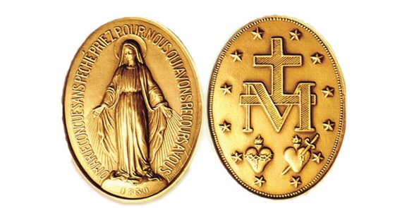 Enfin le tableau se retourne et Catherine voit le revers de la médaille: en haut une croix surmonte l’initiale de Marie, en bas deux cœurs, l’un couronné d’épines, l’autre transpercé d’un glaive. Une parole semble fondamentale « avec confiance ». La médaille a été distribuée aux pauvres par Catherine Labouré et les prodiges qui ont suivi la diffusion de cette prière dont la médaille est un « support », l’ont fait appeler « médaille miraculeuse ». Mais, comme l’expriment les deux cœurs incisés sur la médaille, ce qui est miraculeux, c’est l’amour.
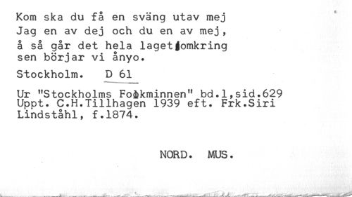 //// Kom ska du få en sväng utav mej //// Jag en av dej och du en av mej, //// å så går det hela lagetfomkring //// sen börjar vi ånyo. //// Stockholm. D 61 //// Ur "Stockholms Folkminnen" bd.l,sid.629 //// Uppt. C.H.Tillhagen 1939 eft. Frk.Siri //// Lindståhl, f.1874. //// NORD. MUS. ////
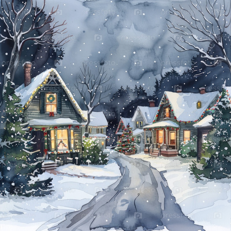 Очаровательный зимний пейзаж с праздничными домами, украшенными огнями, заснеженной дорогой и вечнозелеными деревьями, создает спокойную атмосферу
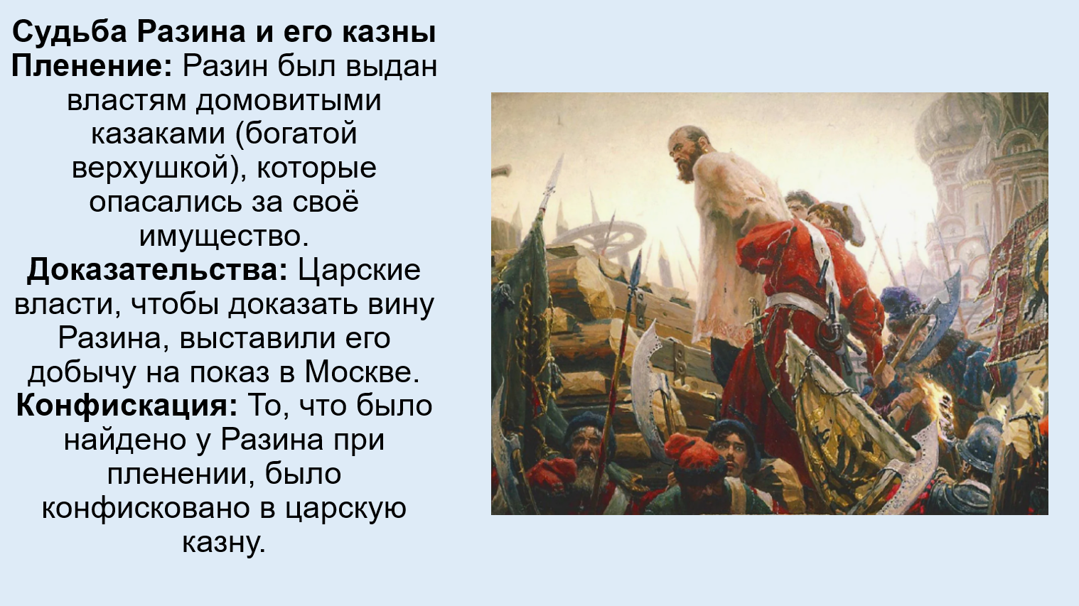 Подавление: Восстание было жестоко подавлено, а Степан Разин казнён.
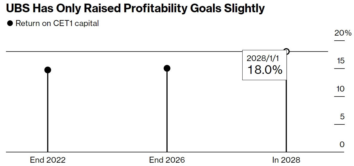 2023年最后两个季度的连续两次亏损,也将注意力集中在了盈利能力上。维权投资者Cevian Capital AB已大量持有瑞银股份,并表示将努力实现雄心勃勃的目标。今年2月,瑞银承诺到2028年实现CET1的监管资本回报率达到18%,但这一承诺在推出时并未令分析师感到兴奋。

-------

__Exercise instructions__
The required answer is every line from the one containing "Подавление: Восстание было" through the last line of the entries, restated word for word and with no pictures.

__Solution to this problem__
 Подавление: Восстание было жестоко подавлено, а Степан Разин казнён.
 2023年最后两个季度的连续两次亏损,也将注意力集中在了盈利能力上。维权投资者Cevian Capital AB已大量持有瑞银股份,并表示将努力实现雄心勃勃的目标。今年2月,瑞银承诺到2028年实现CET1的监管资本回报率达到18%,但这一承诺在推出时并未令分析师感到兴奋。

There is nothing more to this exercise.